Luke Montebello (born 13 August 1995) is a Maltese professional footballer currently playing for Maltese Premier League side Ħamrun Spartans, where he plays as a forward.

Club career
Having played his youth football for the Birkirkara nursery, Montebello joined Livorno's youth sector in 2011. He had some success with the Italian youth side, before returning to Malta and signing with Valletta on a five-year contract.

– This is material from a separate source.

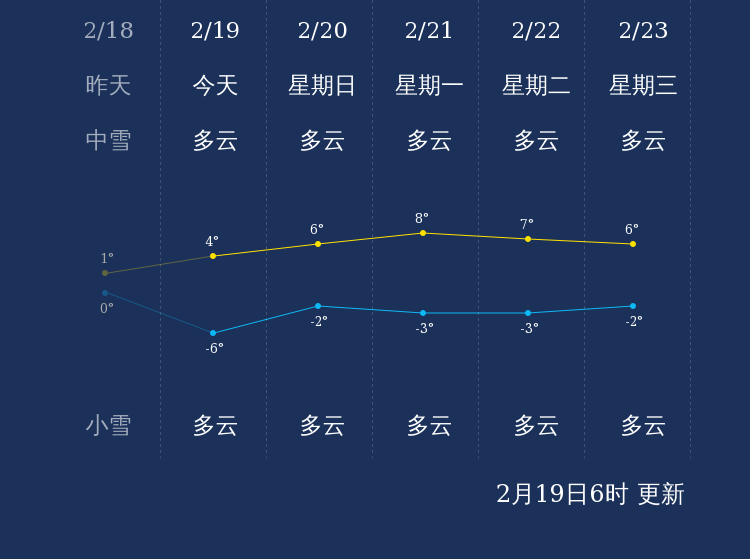 中国天气网讯 今天是2月19日星期六,一起来看天气。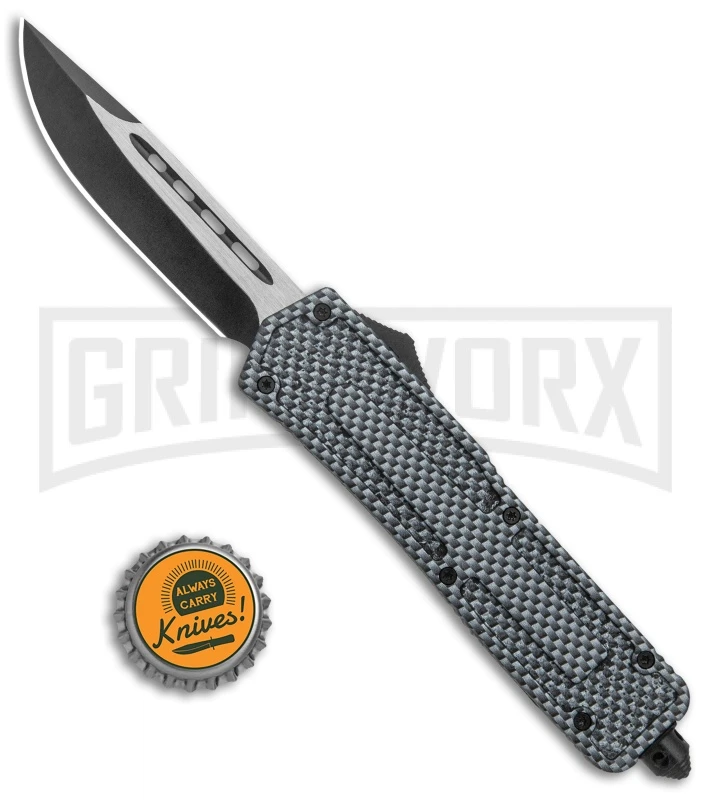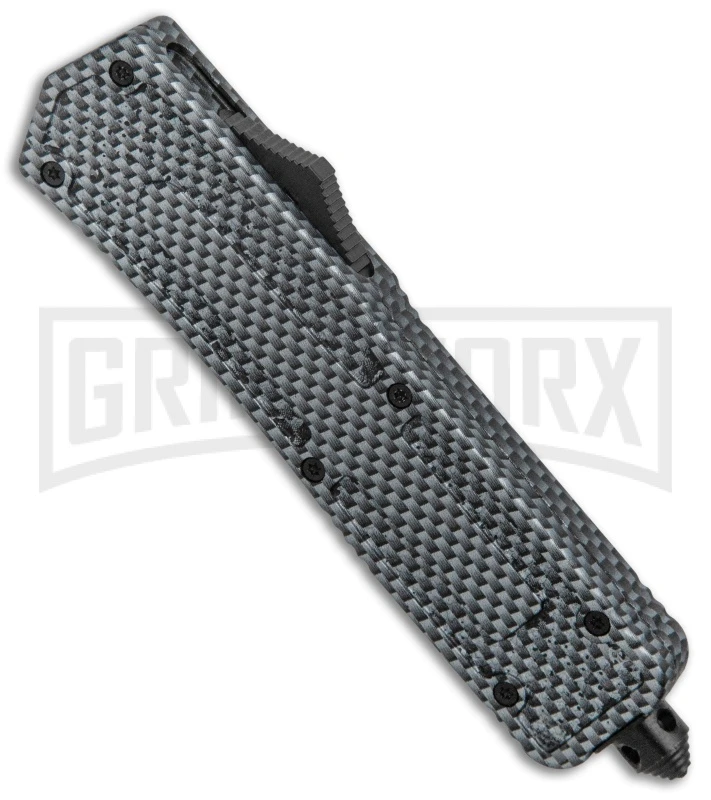 This Rumble model has a simulated carbon fiber body with coarse. The stainless steel drop point blade on this knife is two-tone black finished with a single edge. The Rumble is a double-action OTF knife with performance you’re sure to enjoy. This automatic knife fires open and closed with the slide of the firing value. Item includes a glass breaker tip and a tip-down carry pocket clip.

Montebello was sent out on loan to Żebbuġ Rangers for the second half of the 2014–15 season in a bid to help them avoid relegation.
 In search of first team football, he joined Tarxien Rainbows in summer 2015 on loan, scoring 12 goals in 31 matches in the Maltese Premier League.

He was again sent out on loan for the 2016–17 season, this time to woodenspoonists Pembroke Athleta.  This was short-lived however, as he was called back to Valletta for the second half of the season, after he injured his shoulder in October. He underwent surgery which turned out to be successful, however he still needed 7 to 8 weeks of recovery.

In 2017, Montebello returned to his childhood club Birkirkara on a permanent deal.

In January 2018, Montebello was banned for match-fixing for one year. After the suspension, he returned to play for Birkirkara again.

International career
Luke Montebello featured in the Malta national under-17 football team and the Malta national under-19 football team. He also featured in the Malta national under-21 football team under Silvio Vella, making his debut on 5 September 2014.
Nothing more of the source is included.